504. Mensajero

29 de abril de 2025 | Abril 2025

Hicieron pasar al mensajero del pueblo después de dos horas, cuando el rey terminó la jornada de casting en busca de una nueva novia que se adaptara a las condiciones que él deseaba, mientras su hermana hacía comentarios denigrantes para las mujeres que se desnudaban ante ellos.

—¿Qué quiere? —preguntó el rey, mientras empezaba a comer una pata de pollo con las manos.

—Su majestad —saludó el mensajero con una reverencia—. Vengo a traerle las noticias del pueblo ahí afuera.

—Más vale que sean buenas.

—Sí. Hay buenas noticias… y también otras no tan buenas. ¿Cuál quisiera que informe primero?

—¡Un juego! —se alegró el rey—. Empezaría con las malas. Y que las buenas las superen. Quiero, digamos, un balance positivo. De lo contrario, terminará como su antecesor, apedreado —asintió.

—¡Excelente! Las malas noticias son que el pueblo rechazó las carnes que usted les envió. Quedaron pudriéndose al costado del mercado, entre moscas y cualquier cantidad de insectos y animales carroñeros.

—¿Despreciaron mi ofrenda? —se indignó el rey—. ¡Todas las ratas que les entregué! Con el tiempo que demoramos en cazarlas en el castillo.

—Sí. Dijeron que… que no es carne para comer —afirmó el mensajero, bajito.

—¿Que no es…? —dijo el rey con los dientes apretados y le revoleó la pata de pollo al mensajero.

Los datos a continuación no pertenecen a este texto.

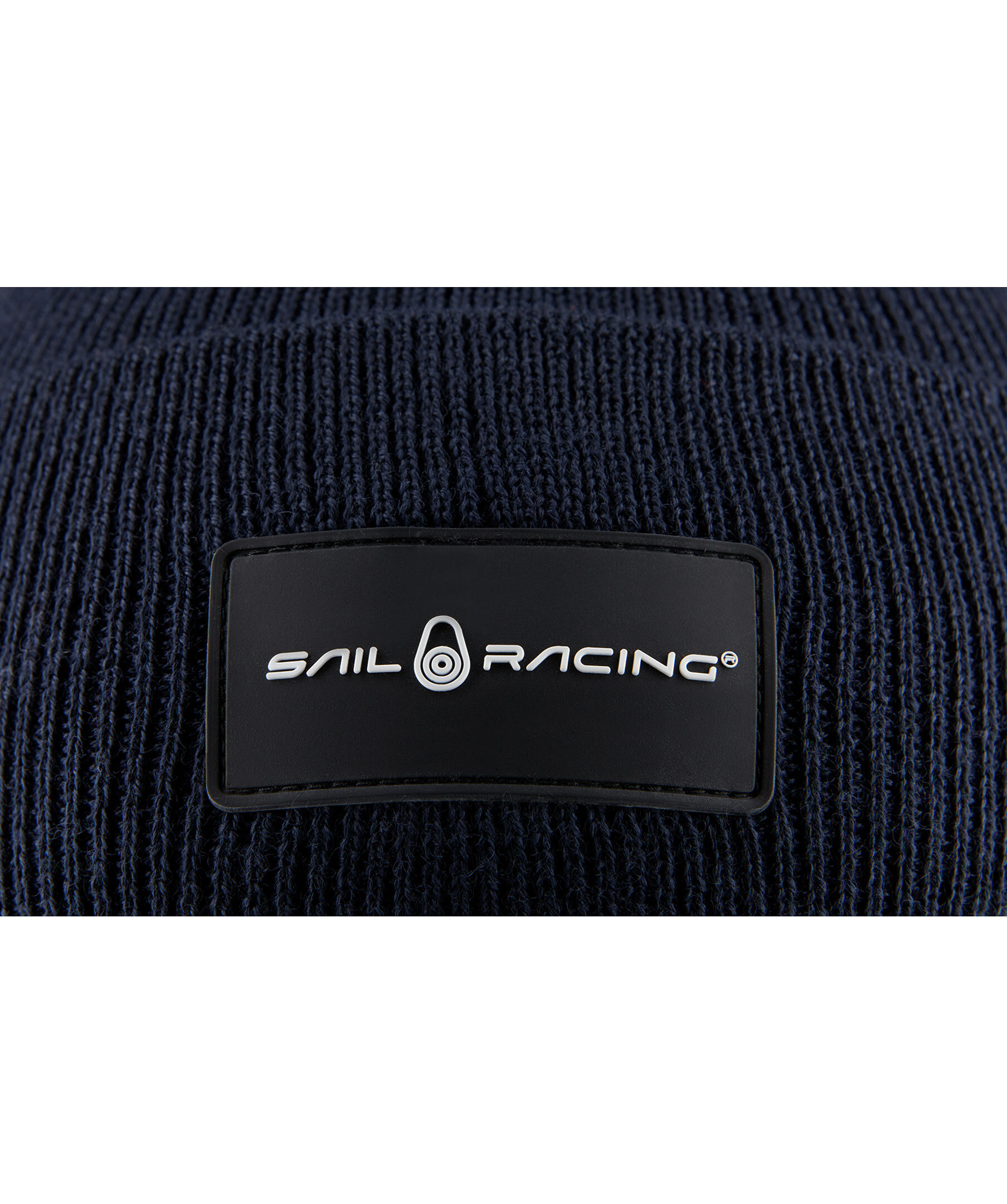 Mörkblå ribbstickad mössa från Sail Racing. Uppvikt kant med logotyp. Gjord i en ullblandning.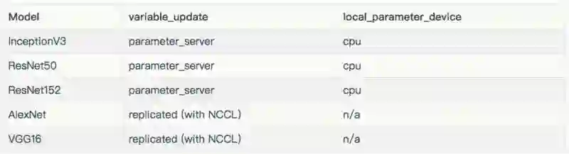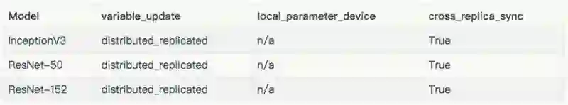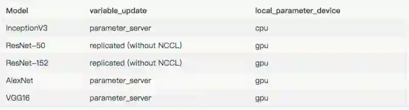 用于每个模型的配置的variable_update、 parameter_server、local_parameter_device 和 cpu,它们是相等的。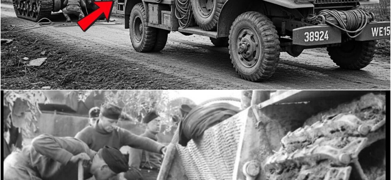 Un enorme T-recker diamantato, uno di quei pesanti e ingombranti bestioni 6×6 progettati per trainare i carri armati, sta sgommando inutilmente. È troppo pesante. È troppo largo. Ha cercato di uscire dalla strada per raggiungere uno Sherman in panne. E ora, invece di un solo veicolo bloccato, l’esercito ne ha due. Il motore del carro attrezzi ruggisce, lanciando pennacchi di fumo nero diesel nel cielo grigio, ma non si muove di un millimetro.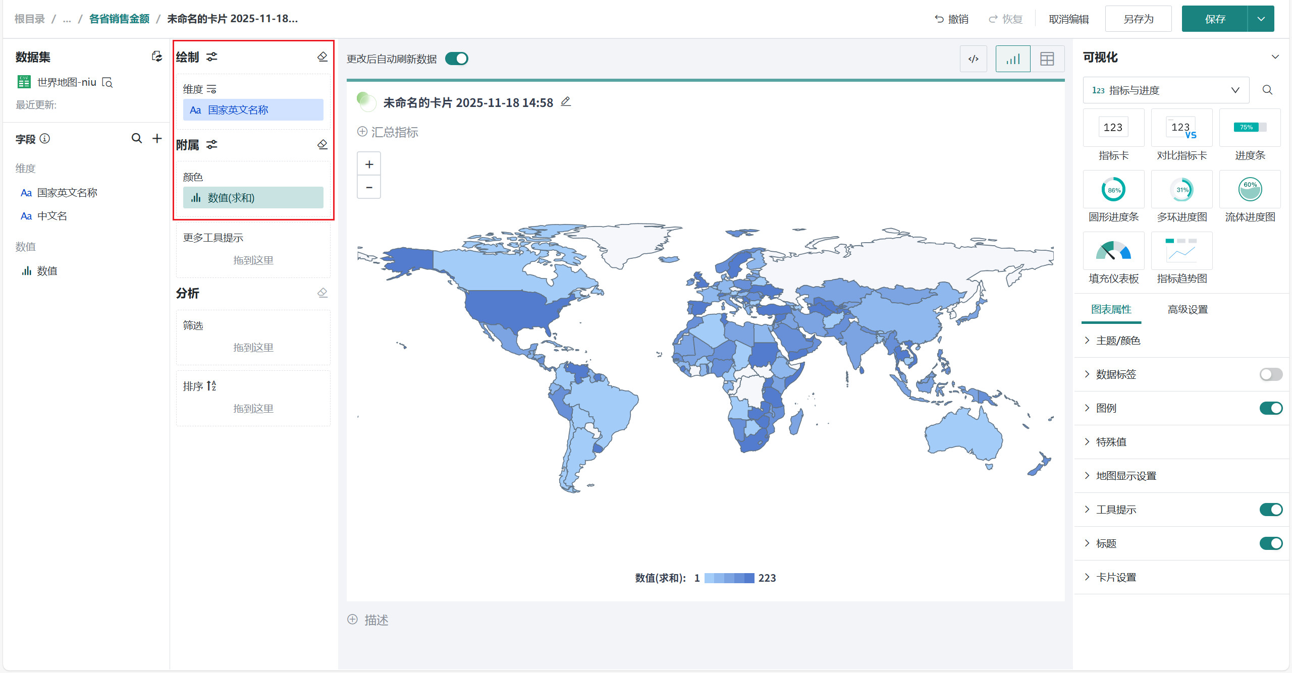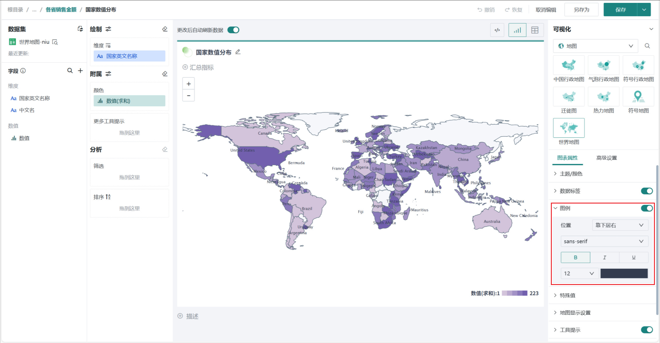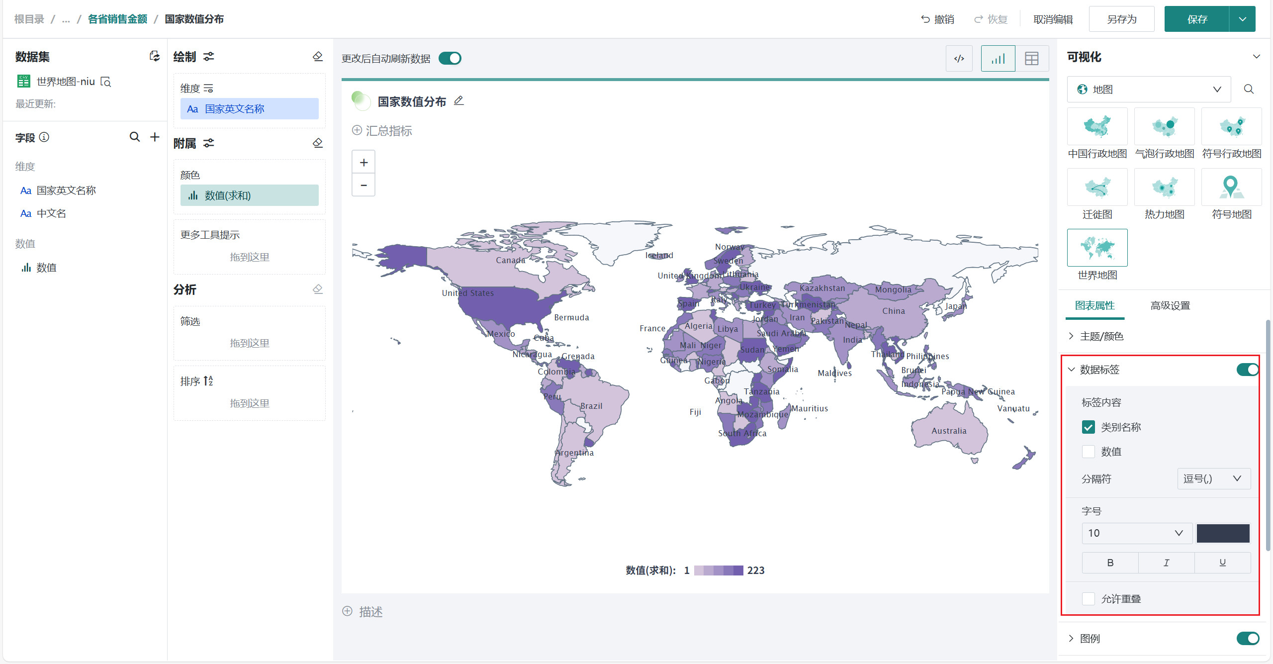 在「可视化」区域中选择「地图」类别下的「世界地图」,将左侧「字段」区域的国家/地区字段(如「国家名称」)拖至「绘制」区域的「维度」,将数值字段(如「数值」)拖入「颜色」。

—Yo les dije que era carne. Pero cuando me pidieron que la probara… es que no tenía hambre. Y creyeron que les daba la razón.

—¡La buena noticia! —gritó el rey, enojado.

—La… la buena es que algunos habitantes ya se están empezando a morir de hambre.

El rey achinó los ojos, pensativo, durante medio minuto. Luego, preguntó:

—¿Cómo es esa una buena noticia?

—Es evidente, su majestad, el público se renueva, y los que vengan pueden ser menos quejosos que los actuales.

—Pero me quedaría sin pueblo que me adore.

—Espero tome mi comentario como un consejo: yo no me preocuparía tanto por esos adoradores, que ya casi no quedan —dijo el mensajero con una mueca de insignificancia.

—Átenlo a un poste para que lo apedreen —ordenó el rey a un súbdito.

Dos guardias agarraron al mensajero de los brazos y se lo llevaron a la rastra, mientras gritaba:

—¡Piedad, su majestad! ¡Por favor! ¡Solo quise hacer buenas las malas noticias!